端的に説明するとシビュラシステムというわかり易く説明すれば、AIみたいな人工知能のシステムが厚労省のタワーの地下に一極集中して管理されており、その判定基準が司法の代わりとなり、その判定により犯罪係数が規定値に到達すると犯罪者として罰せられたり、また就職先もこのシステムの適性判断に従い決定されるというシステムです。(まぁ、このシステムが犯罪係数計測不可能の規定外のいわゆるサイコパスらの脳の終結したものなのですが、それは極秘となっております。)

判定基準を規定値を超えた人は潜在犯として、厚生施設に送られ治療するわけです。(そうなるとほとんどが改善の見込みなし)

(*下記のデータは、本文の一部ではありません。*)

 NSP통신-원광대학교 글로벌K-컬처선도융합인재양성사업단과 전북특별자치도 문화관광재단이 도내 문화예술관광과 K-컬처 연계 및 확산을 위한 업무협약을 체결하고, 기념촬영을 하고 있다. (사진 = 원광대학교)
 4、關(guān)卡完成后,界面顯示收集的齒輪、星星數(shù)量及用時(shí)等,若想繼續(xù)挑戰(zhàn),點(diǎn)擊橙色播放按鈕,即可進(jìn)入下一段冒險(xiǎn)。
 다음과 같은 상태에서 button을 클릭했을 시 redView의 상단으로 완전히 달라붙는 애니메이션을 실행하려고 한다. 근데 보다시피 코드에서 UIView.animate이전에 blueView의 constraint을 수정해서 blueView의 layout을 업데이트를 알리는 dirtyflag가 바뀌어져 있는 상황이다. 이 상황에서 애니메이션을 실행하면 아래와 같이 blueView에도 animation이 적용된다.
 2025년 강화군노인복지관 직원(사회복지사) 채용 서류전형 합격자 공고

それでドミネーターという銃に代わるものが、相手に銃口を向けると厚労省の地下にあるシステムまでその情報が転送され判定基準がをはじき出され、相手を気絶させたり時には処分(粛清)するわけです。
このアニメの世界は、行為により法により法廷で裁かれるのでなく、その場でAIみたいなわけのわからないシステムの判断により、行為でなく心により裁かれるわけです。

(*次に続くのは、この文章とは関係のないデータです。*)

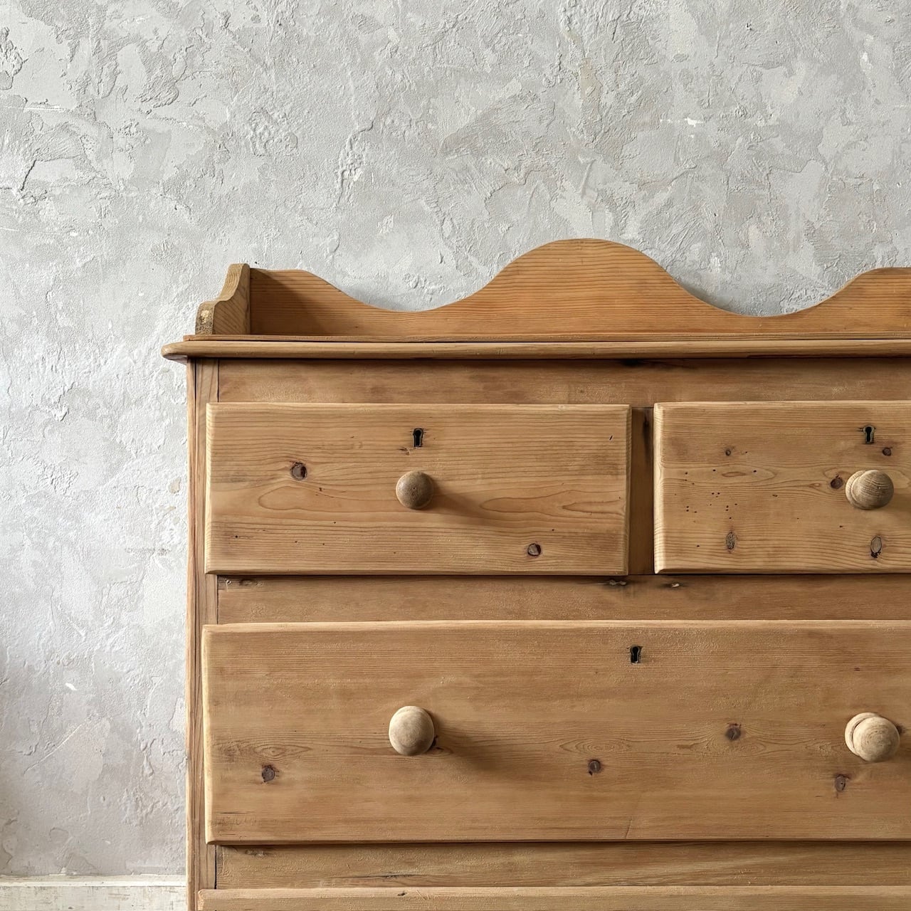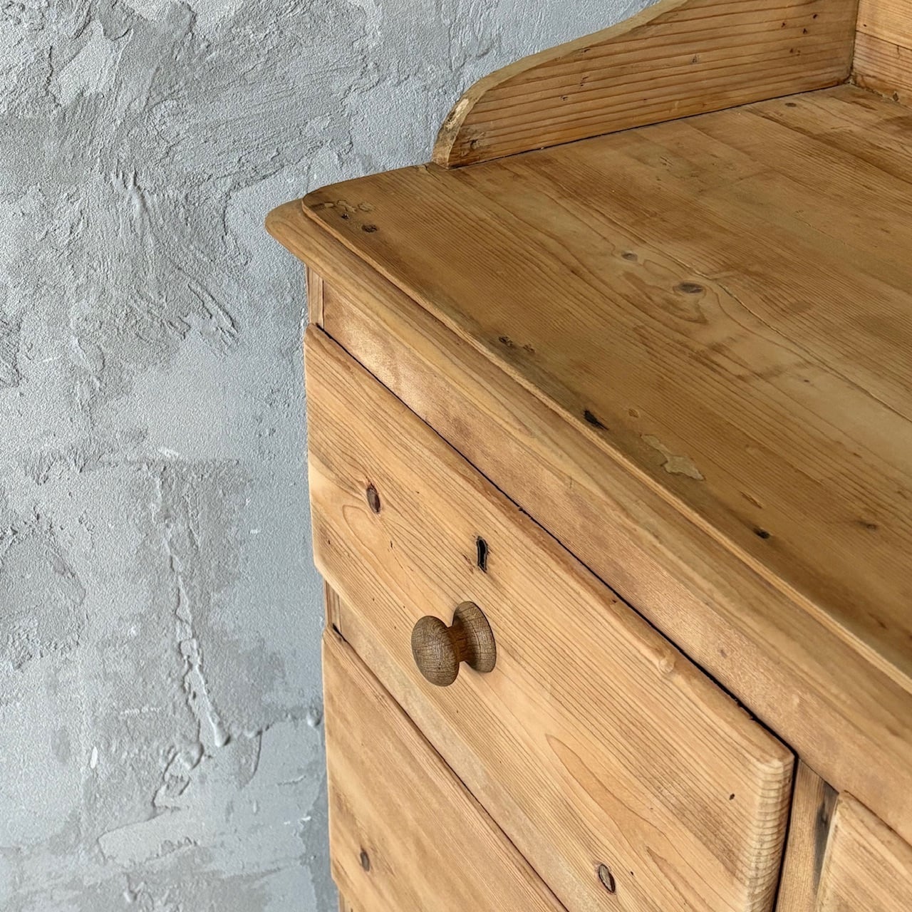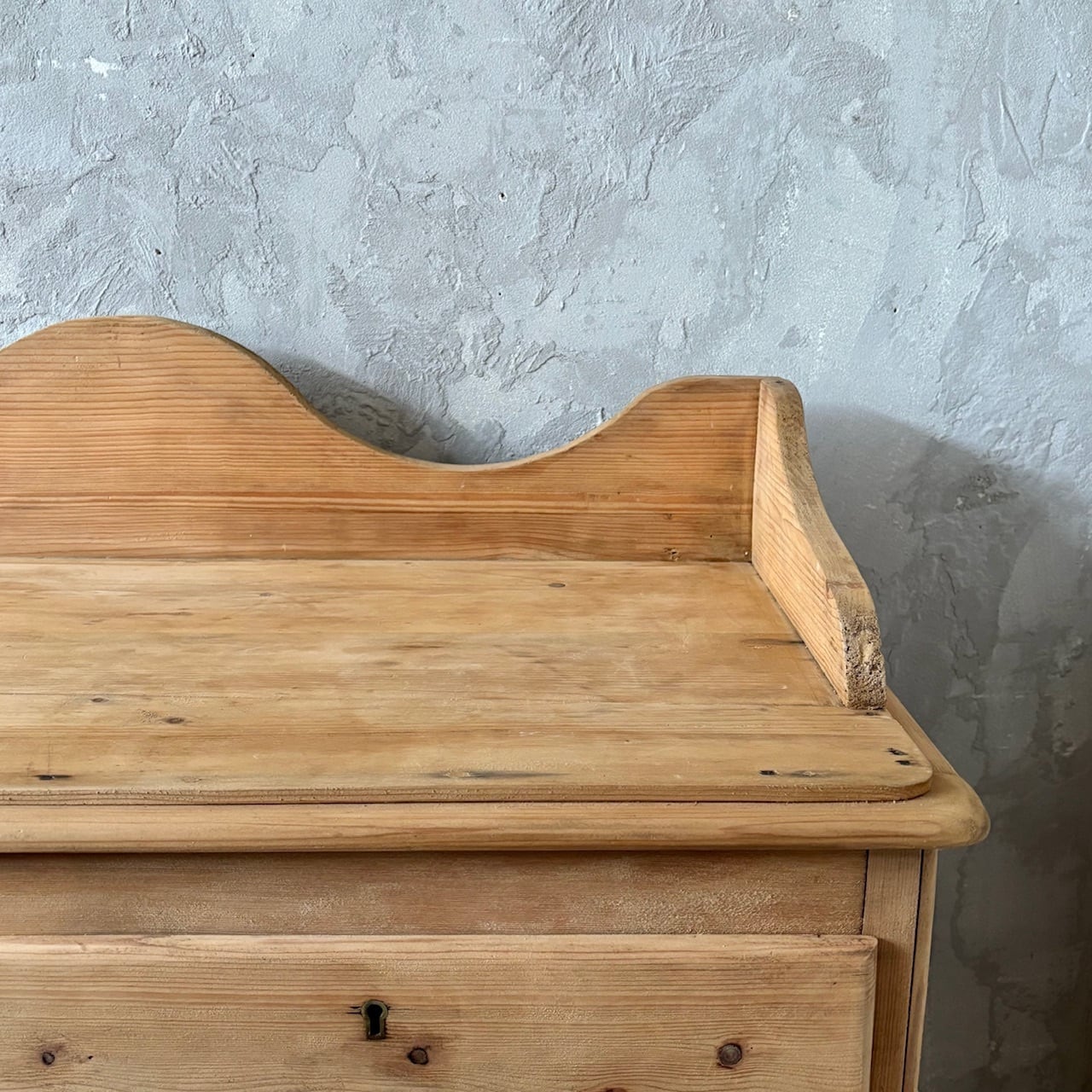 オールドパインの素朴な佇まいのチェスト。やや広めの天板部分を囲うようにつけられた装飾が華やかな印象で、飾るものを引き立ててくれます。引出し部分は奥行と幅が十分にあるので収納力があり、内部も良い状態です。飾り棚として使ったり、寝室や洗面所などでの収納にも良さそうです。

そこで監視官という警察官がドミネーターを使用し裁けばいいのですが、容疑者と接触したり裁いたりすると犯罪係数が上昇するので、犯罪係数が規定値をオーバーの潜在犯であるが、まぁそれなりに使える猟犬としての役割が執行官という役職の人がいるわけです。
わかりやすく言えば、犯罪者に犯罪者を裁かすわけです。

 


【一期は狡噛と槙島の戦い】

一期の内容なのですが常守朱というおかっぱの主人公の女性がいて、部下に狡噛深夜という元監視官(超エリートで身体能力も高く知的)の潜在犯の執行官がいるわけですが、この狡噛もある事件により犯罪係数が上昇して潜在犯になり、しかしシビュラの判定により執行官としての役割の選択か、厚生施設で檻の中にいるかの選択を迫られ、そこで前者を選んだわけです。(上のおかっぱの女性とツーショットになっている男性です)

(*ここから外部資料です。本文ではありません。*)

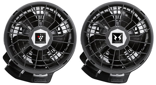ファンセットの内容は、ハイパワーファン2個(RD9330PC×1・RD9310PH×1)、ファン用ケーブル1本。電源は、24V仕様バッテリー(別売)。連続使用時間は、「弱」が約12時間、「中」が約6.5時間、「ブースト(強)※」が30分+「中」約5時間。 ※ブースト(強)は、30分稼働後、自動的に「中」運転に移行。
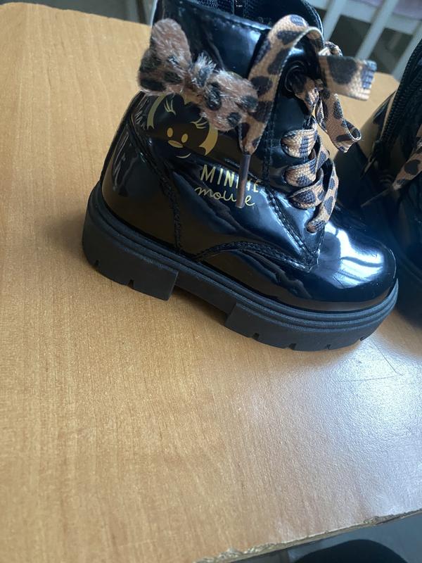 Стильні дитячі черевики чорного лакованого кольору з принтом Minnie Mouse на боці. Мають модні леопардові шнурки та масивну підошву Дуже легкі Розмір 22
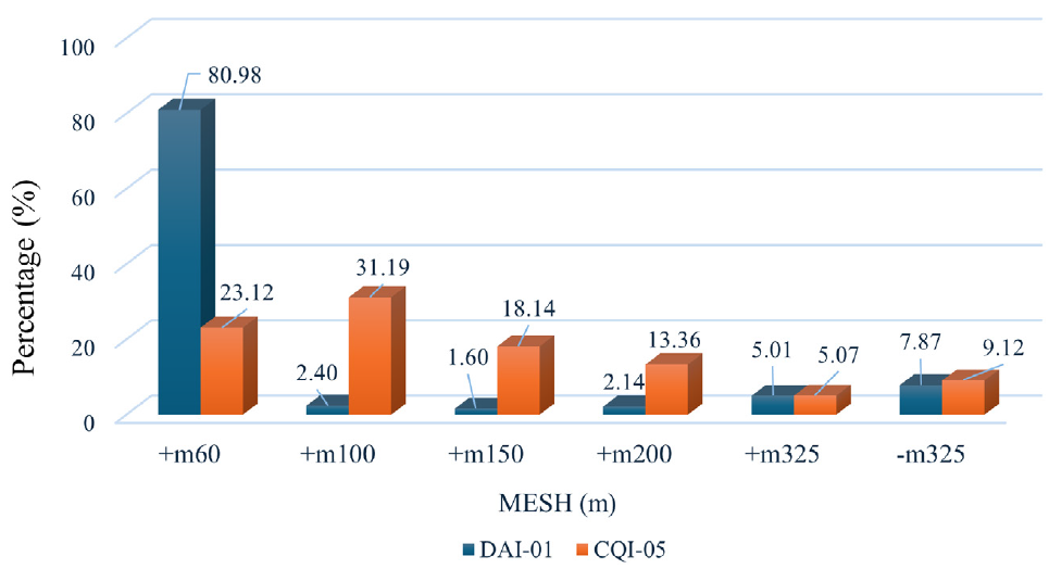 Samples DAI-01 and CQI-05, belonging to the Puerto Belén concession and Raul 1 concession, respectively, were separated in six grain-size fractions by passing the samples through sieves of mesh size 60, 100, 150, 200, and 325. The distribution of gold in the sample DAI-01, indicates that 80.98 % of free gold particles are concentrated on mesh 60 (+m60), 2.40 % is below mesh 60 and above mesh 100 (-m60 and +m100), 1.60 % is below mesh 100 and above mesh 150 (-m100 and +m150), 2.14 % is below mesh 150 and above mesh 200 (-m150 and +m200), 5.01 % is below 200 mesh and above 325 mesh (-m200 and +m325), and 7.87 % is below 325 mesh (-m325) (Figure 10).

で、その犯罪係数上昇の原因となった人物が槙島聖護であり、この人物はシビュラ判定できない特異体質であり、そのため裁きを免れ狡噛の同僚が彼により残忍な殺され方をして、狡噛はその同僚の仇討ちだけをこう考えるようになるわけです。(下の白髪の人物が槙島聖護です)

 

まぁ、単純に言えば同僚が殺された敵討ちをする狡噛深夜と、シビュラシステムそのものを特異体質故にその破壊を試みる槙島聖護二人の戦いなのです。そこに主人公の常守朱がからんでくるわけです。


【脚本は虚淵玄】

まぁ、このアニメを知っている人なら説明がいらないところなんですが、このアニメの面白いのは狡噛と槙島の二人ともエリートであり(あった)、インテリであり、格闘などの身体能力も高く、それでいて狡噛と槙島の二人は似ているところなのです。
一期と劇場版の脚本は虚淵玄です。

で、この狡噛深夜はかつては職務を通して社会の鋳型にはまっていたわけですが、槙島聖護の犯罪により潜在犯に陥りこの槙島聖護を追うにつれて、槙島聖護のようになるわけです。

もともと狡噛は知的でありこの物語の面白いところは、会話の中にウェーバーやオルテガやパスカルやベンサムなどの人物の名が出てくるところです。